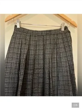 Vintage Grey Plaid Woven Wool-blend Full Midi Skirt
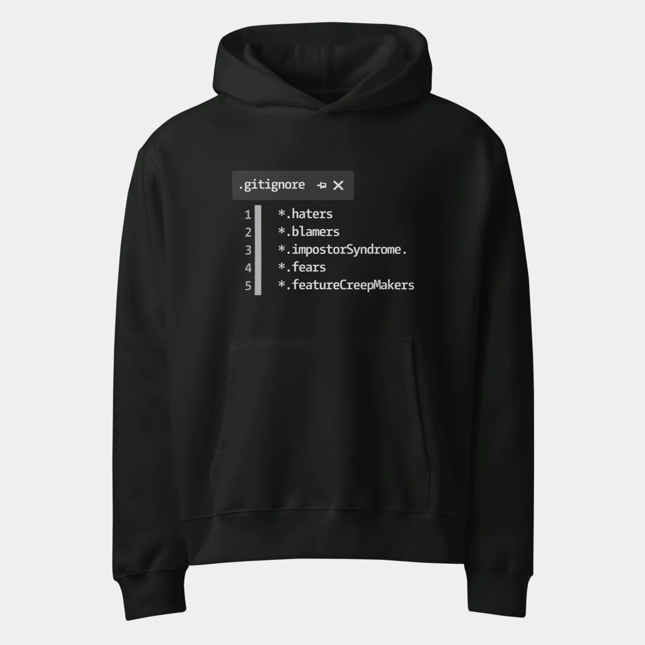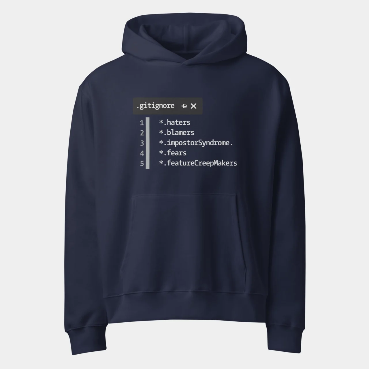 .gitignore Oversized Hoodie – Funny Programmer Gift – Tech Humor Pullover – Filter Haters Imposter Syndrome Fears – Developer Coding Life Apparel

---*---

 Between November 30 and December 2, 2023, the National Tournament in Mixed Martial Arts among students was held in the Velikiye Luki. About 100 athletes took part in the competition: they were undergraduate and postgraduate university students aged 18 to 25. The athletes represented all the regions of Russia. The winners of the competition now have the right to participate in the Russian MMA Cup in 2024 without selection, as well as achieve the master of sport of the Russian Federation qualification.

---*---

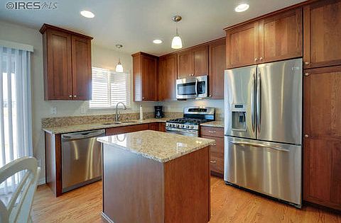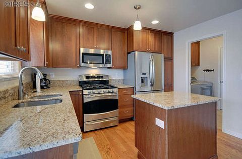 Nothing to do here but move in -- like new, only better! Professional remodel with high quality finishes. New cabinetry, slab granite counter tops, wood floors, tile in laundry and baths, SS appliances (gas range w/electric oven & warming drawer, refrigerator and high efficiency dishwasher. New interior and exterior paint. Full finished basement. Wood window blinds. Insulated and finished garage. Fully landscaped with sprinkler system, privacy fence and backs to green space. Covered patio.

---*---

**What is needed**
Transcribe only this stretch of the data: the line with "Vintage Grey Plaid", the line with "Coding Life Apparel", and every line in between. Leave out the pictures.

**Exercise output**
 Vintage Grey Plaid Woven Wool-blend Full Midi Skirt
 .gitignore Oversized Hoodie – Funny Programmer Gift – Tech Humor Pullover – Filter Haters Imposter Syndrome Fears – Developer Coding Life Apparel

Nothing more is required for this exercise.